_Work task_. Repeat the data in full. Drop every picture.

_Provided material_.
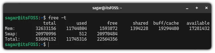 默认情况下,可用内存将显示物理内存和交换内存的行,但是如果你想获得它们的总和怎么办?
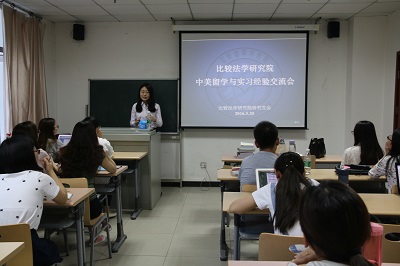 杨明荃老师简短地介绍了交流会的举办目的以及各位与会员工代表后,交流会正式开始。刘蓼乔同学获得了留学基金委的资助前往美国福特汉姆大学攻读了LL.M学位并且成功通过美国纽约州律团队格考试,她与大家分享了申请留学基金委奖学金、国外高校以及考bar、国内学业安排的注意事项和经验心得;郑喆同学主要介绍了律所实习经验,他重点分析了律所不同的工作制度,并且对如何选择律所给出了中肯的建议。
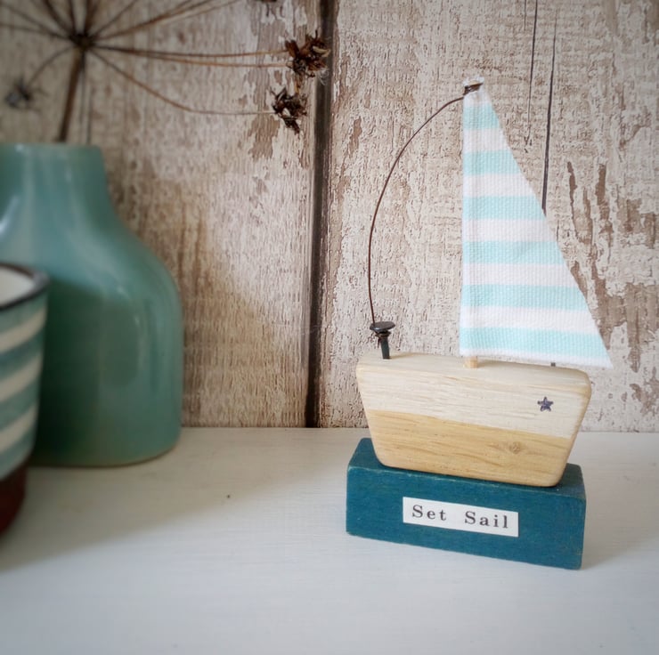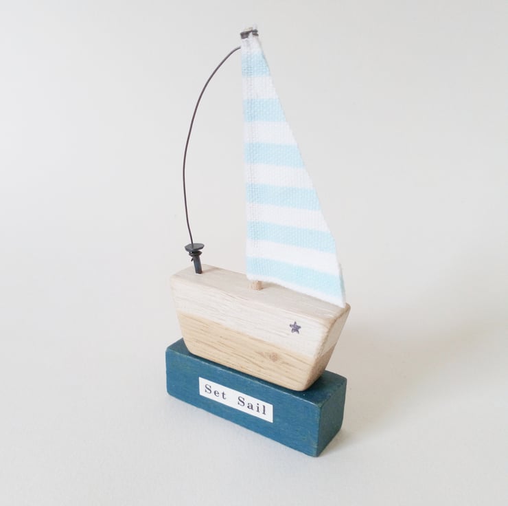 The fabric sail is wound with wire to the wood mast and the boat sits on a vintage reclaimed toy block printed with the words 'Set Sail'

_The answer_.
 默认情况下,可用内存将显示物理内存和交换内存的行,但是如果你想获得它们的总和怎么办?
 杨明荃老师简短地介绍了交流会的举办目的以及各位与会员工代表后,交流会正式开始。刘蓼乔同学获得了留学基金委的资助前往美国福特汉姆大学攻读了LL.M学位并且成功通过美国纽约州律团队格考试,她与大家分享了申请留学基金委奖学金、国外高校以及考bar、国内学业安排的注意事项和经验心得;郑喆同学主要介绍了律所实习经验,他重点分析了律所不同的工作制度,并且对如何选择律所给出了中肯的建议。
 The fabric sail is wound with wire to the wood mast and the boat sits on a vintage reclaimed toy block printed with the words 'Set Sail'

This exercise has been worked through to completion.